Unfortunately, while that's exactly what happens for organisms with A+T content below 33%, precisely the opposite happens (purines accumulate on the message strand) in organisms with A+T above 33%. And in fact, in some high-AT organisms, the purine content of message strands is rather extreme. How can we explain that?

One possibility is that some organisms have evolved extremely effective transversion repair systems for the message (non-transcribed) strand of genes—systems that are so effective, no G-to-T transversions go unrepaired on the message strand. The transcribed strand, on the other hand, doesn't get the benefit of this repair system, possibly because the repair enzymes can't access the strand: it's engulfed in transcription factors, topoisomerases, RNA polymerase, nearby ribosomal machinery, etc.

If the non-transcribed strand never mutates (because all mutations are swiftly repaired), then the transcribed strand will (in the absence of equally effective repairs) eventually accumulate G-to-T mutations, and the message strand will accumulate adenines (purines). Perhaps.

In the graph further above, you'll notice at x = 0.6 a tiny spur of points hangs down at around y = 0.5. These points belong to some Bartonella species, plus a Parachlamydia and another chlamydial organism. These are endosymbionts that have lost a good portion of their genomes over time. It seems likely they've lost some transversion-repair machinery. During transcription, their message strands are going unrepaired. G-to-T transversions happen on the message strand, rendering it light in purines. Such a scenario seems plausible, at least.

By this reasoning, maybe points far above the regression line represent organisms that have gained repair functionality, such that their message strands never undergo G-to-T transversions (although their transcribed strands do). Is this possible?

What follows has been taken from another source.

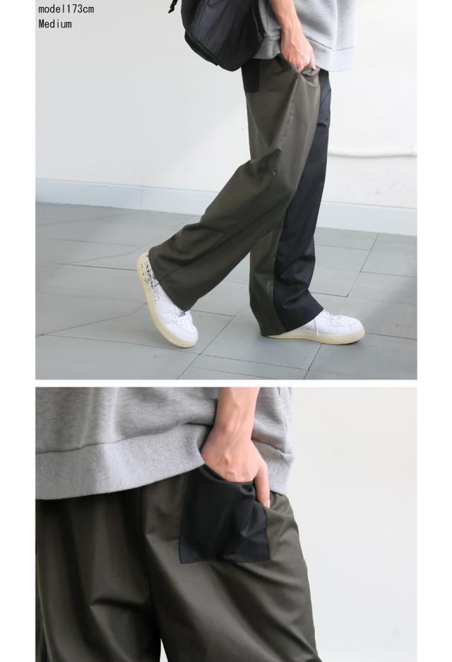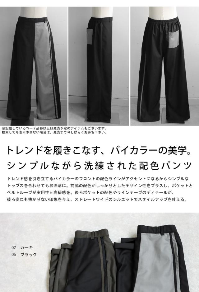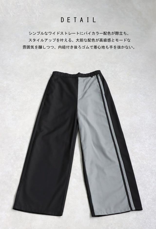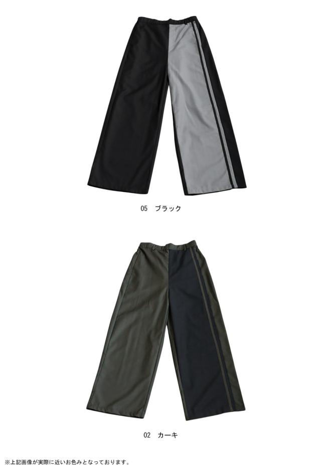 zk-00194z ロング 配色 バイカラー アシメ アシンメトリー セットアップ シンプル ストレート ワイドストレート ワイド ゆったり 長ズボン 前フラット 後ろゴム リラクシー 楽ちん

Examination of the highest points on the graph shows a predominance of Clostridia. (Not just members of the genus Clostridium, but the class Clostridia, which is a large, ancient, and diverse class of anaerobes.) One thing we know about the Clostridia is that unlike all other bacteria (unlike members of the Gammaproteobacteria, the Alpha- and Betaproteobacteria, the Actinomycetes, the Bacteroidetes, etc.), the Clostridia have Ogg1, otherwise known as 8-oxoguanine glycosylase (which specifically prevents G-to-T transversions). They share this capability with all members of the Archaea, and all higher life forms as well.

Note that while non-Ogg1 enzymes exist for correcting 8-oxoguanine lesions (e.g., MutM, MutY, mfd), there is evidence that Ogg1 is specifically involved in repair of 8oxoG lesions in non-transcribed strands of DNA, at transcription time. (The other 8oxoG repair systems may not be strand-specific.)

If Archaea benefit from Ogg1 the way Clostridia do, they too should fall well above the regression line on a graph of A+G versus A+T. And this is exactly what we find. In the graph below, the pink squares are members of Archaea that came up positive in a protein-Blast query against Drosophila Ogg1. (I'll explain why I used Drosophila in a minute.) The red-orange circles are bacterial species (mostly from class Clostridia) that turned up Ogg1-positive in a similar Blast search.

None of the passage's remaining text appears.